De WHO heeft voor nitraat een normwaarde van 50 mg/l drinkwater gesteld. Voor nitriet is in het Drinkwaterbesluit een norm aangehouden van 0,1 mg/l die voldoende bescherming biedt tegen zowel acute effecten als effecten op lange termijn. Bij een normale bedrijfsvoering komt nitriet niet in drinkwater voor.
Seleen is een voor de gezondheid essentieel sporenelement. Het komt van nature veel in het milieu voor. Mensen komen op verschillende manieren in contact met seleen: via voedsel, water, aarde of lucht. We krijgen seleen vooral binnen via het voedsel, omdat het van nature in granen en vlees zit .

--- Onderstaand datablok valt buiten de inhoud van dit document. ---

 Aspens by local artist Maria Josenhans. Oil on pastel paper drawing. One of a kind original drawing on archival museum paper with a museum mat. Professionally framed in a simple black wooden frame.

Ons voedsel bevat normaliter genoeg seleen om ziektes die door een seleengebrek veroorzaakt worden te voorkomen. Voor een goede gezondheid is het nodig om dagelijks een bepaalde hoeveelheid seleen binnen te krijgen. Als de opname van seleen te hoog is, treden er meestal gezondheidsproblemen op, bijvoorbeeld irritatie van de ogen.

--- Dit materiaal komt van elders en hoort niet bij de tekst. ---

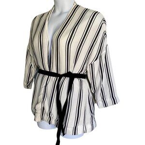 H&M White and Grey Striped Wrap Top Black Tie Belt Womens Small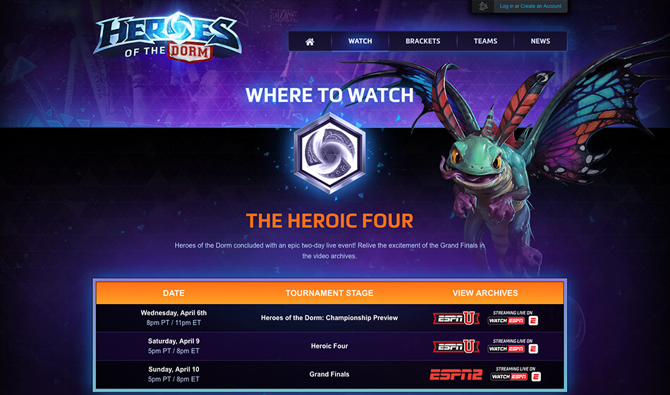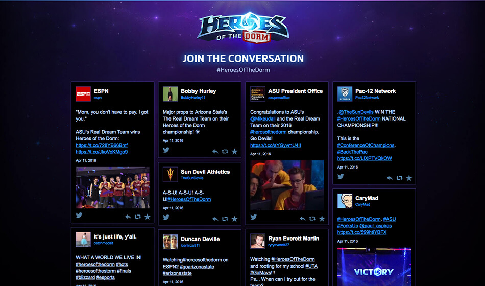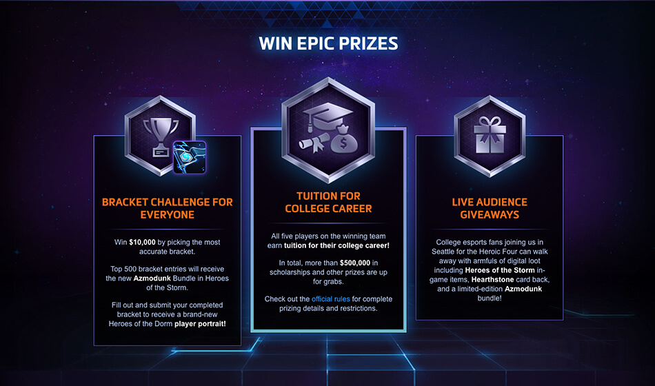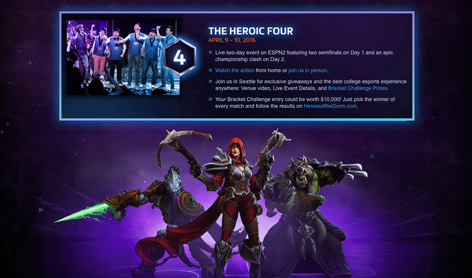 Heroes of the Dorm was an esports tournament focused on the game "Heroes of the Storm," created by Blizzard Entertainment. The first tournament took place in 2015, and it featured college teams competing for scholarships

Mensen die in de buurt van afvalplaatsen wonen, kunnen via de lucht en de grond, maar ook door eten van voedsel verbouwd op dergelijke grond aan hogere concentraties seleen blootgesteld worden. Seleen afkomstig van afvalplaatsen en de landbouw kan uiteindelijk in het grond- of oppervlaktewater terechtkomen. Mensen die werken in de metaalindustrie, seleenterugwinnende industrie en verfindustrie worden vaak blootgesteld aan hogere gehaltes seleen. Door inademing van seleen kan er vocht in de longen komen en/of bronchitis ontstaan. Seleen komt in de lucht terecht via de verbranding van kool en olie.
De normwaarde voor seleen in drinkwater is vastgesteld op 20 µg/l Se.